Windy week in the Kitchen Garden
It has been a windy week in the kitchen garden but we have been lucky and no damage has been done. We have had some very spring feeling days too and this seems to be reflected in the plant growth; plants that should still be dormant have already started growing. This may stop next week with the much colder temperatures that are forecast for us to return, but it’s worth keeping an eye on.
This week we have had to give the strawberry plants some attention as they were also showing signs of new growth, we wouldn’t normally do this until march. But with this weather we have decided to remove all the dead leaves now and give them a layer of strulch. The strulch should give them a bit of protection from the cold weather that's on the way. We are watching the weather very closely and if the temperatures drop too low, we will add some winter fleece protection to protect the new early growth.

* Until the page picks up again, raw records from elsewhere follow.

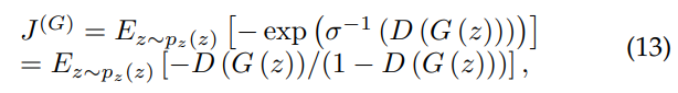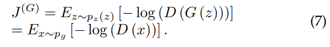 实际上,公式 (1) 可能无法为 G 提供足够大的梯度使其很好地学习。一般来说,G 在学习过程的早期性能很差,产生的样本与训练数据有明显的差异。因此,D 可以以高置信度拒绝 G 生成的样本。在这种情况下,log(1-D(G(z))) 是饱和的。我们可以训练 G 以最大化 log(D(G(z))),而非最小化 log(1-D(G(z)))。生成器的损失则变为这个新的目标函数可以在训练过程中使 D 和 G 的达到相同的不动点,但是在学习初期就提供了大得多的梯度。非饱和博弈是启发式的,而非理论驱动的。然而,非饱和博弈还存在其它问题,如用于训练 G 的数值梯度不稳定。在最优的 D*_G 下,有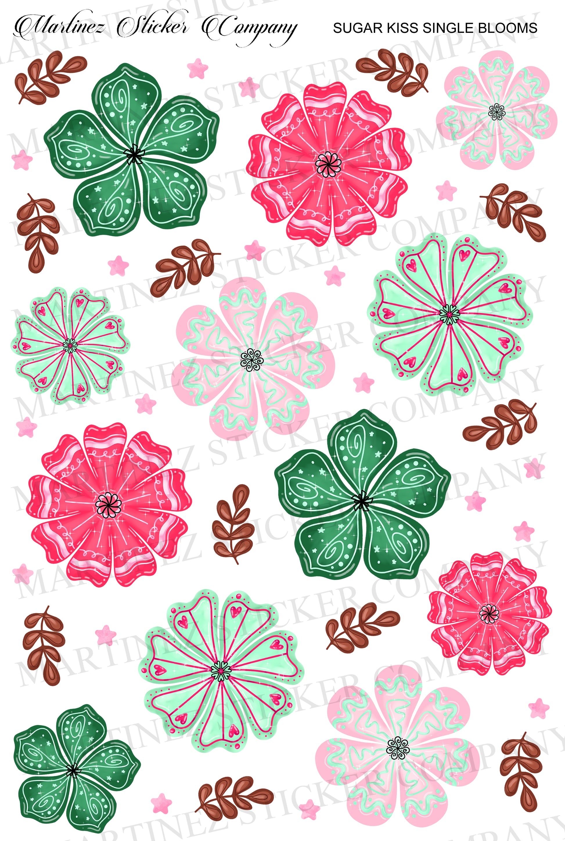 Sugar Kiss Single Blooms for Christmas with fun patterns matching the colors of the collection! Originally drawn by me.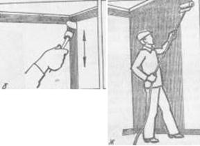 В некоторых случаях при выполнении высококачественной окраски применяют торцевание поверхности – что бы поверхность стала матовой. Лишённой блеска и шероховатой. Торцевание осуществляется щётками торцовками по свеженанесенному второму слою краски щётками торцовками в двух направлениях под углом 45 и 90 градусов. Держа торцовку перпендикулярно поверхности. Рис 9.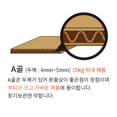 | A골 | 4mm ~ 5mm | 10kg 이내 제품 | 부피가 크고 가벼운 제품 |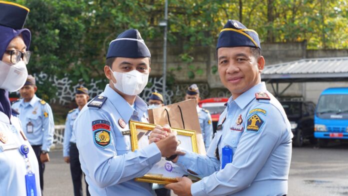 Cilegon INFO_PAS – Lembaga Pemasyarakatan (Lapas) Kelas IIA Cilegon Kantor Kemenkumham Banten memberikan penghargaan kepada 3 orang pegawai teladan dan berprestasi pada Senin (13/06) pagi. Penyerahan penghargaan dipimpin langsung oleh Kalapas Sudirman Jaya dan dilakukan pada saat pelaksanaan apel pagi.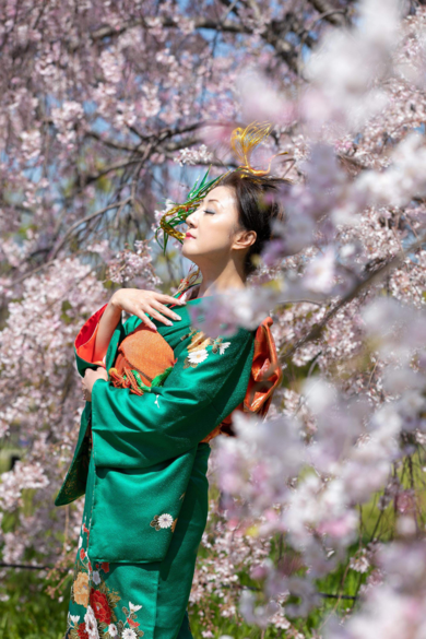 | About My Kimono Outfit | 桜の花と グリーンの訪問着(^-^) 表現力をみて頂きたく思います #ロイヤルエスコートグランプリ #関西支部代表 |
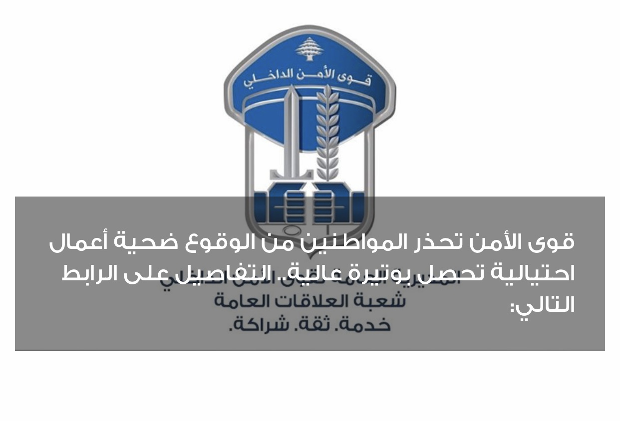 لذلك، تطلب المديرية العامة لقوى الامن الداخلي من المواطنين الكرام الحذر: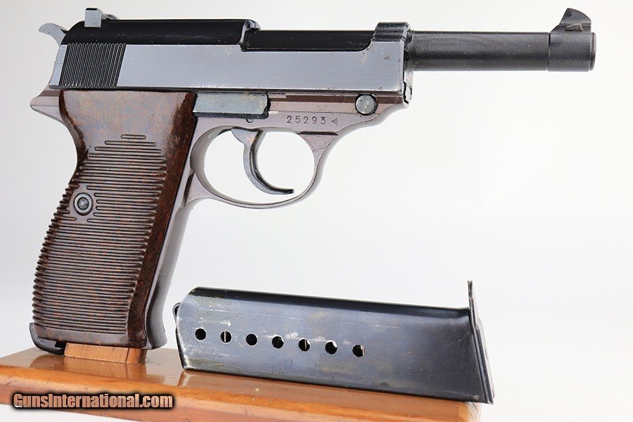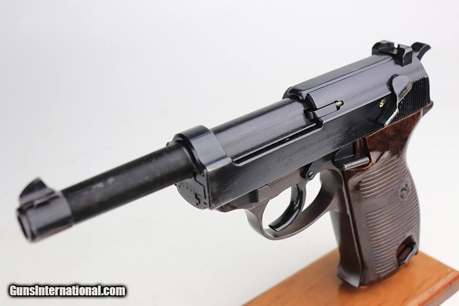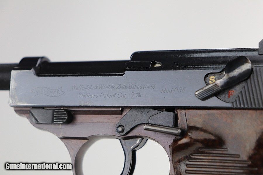 Description: This is an excellent, rare Walther Mod P.38 sold in the commercial market during WW2. This one is all matching and has the proper "Eagle N" proofs. This gun is rare as only 1,800 were produced. It has retained about 95% of its original bluing, with most of the bluing loss on the left side of the muzzle and front edge of slide. There's also two small patches of freckling on the right side of the slide. This one has a gorgeous, vibrant, plum-colored frame. It comes with excellent red grips and a 'jvd' magazine. The bore is mint. SOLD Handgun Caliber: 9x19mm Parabellum (9mm Luger, 9x19mm NATO) Bore: 10/10 Condition: ~95% |

The runner bean trench has now been dug, we have had to dig this quite deep as we have lots of tree roots invading the ground and we want to make sure we get them all out. This also means we have a nice deep trench to fill with lovely manure and water retaining mediums. We have added in a layer of horticultural charcoal, this is great for water retention and should slowly release moisture into the soil during the dry periods throughout the summer.
Another job for this week was to prepare the bed for the carrots and onions. The bed was double dug it a few weeks ago and tree roots left on the top to let the frost kill them off. This week we raked the roots off the bed and given the soil a forking over and it is now ready to be planted. We don’t manure the carrot and onion beds as they don’t like it. However, the ground needs to be warmer and a good way of warming up the ground is to add cloches. We now have a line of cloche tunnels in place that will help do this so when the carrots are ready to be sown the ground will be nice and warm for them.
The only harvest this week has been the spinach which looks young and tender although not heavy yielding.
In the rest of the garden we have been pruning the wisteria and hydrangea again these are showing signs of life far earlier than we would normally expect and we even have a few rhododendrons in flower.
Our wild flower garden is also ahead this year and has already rotted down to stage that really needs clearing, so that is another job has also begun.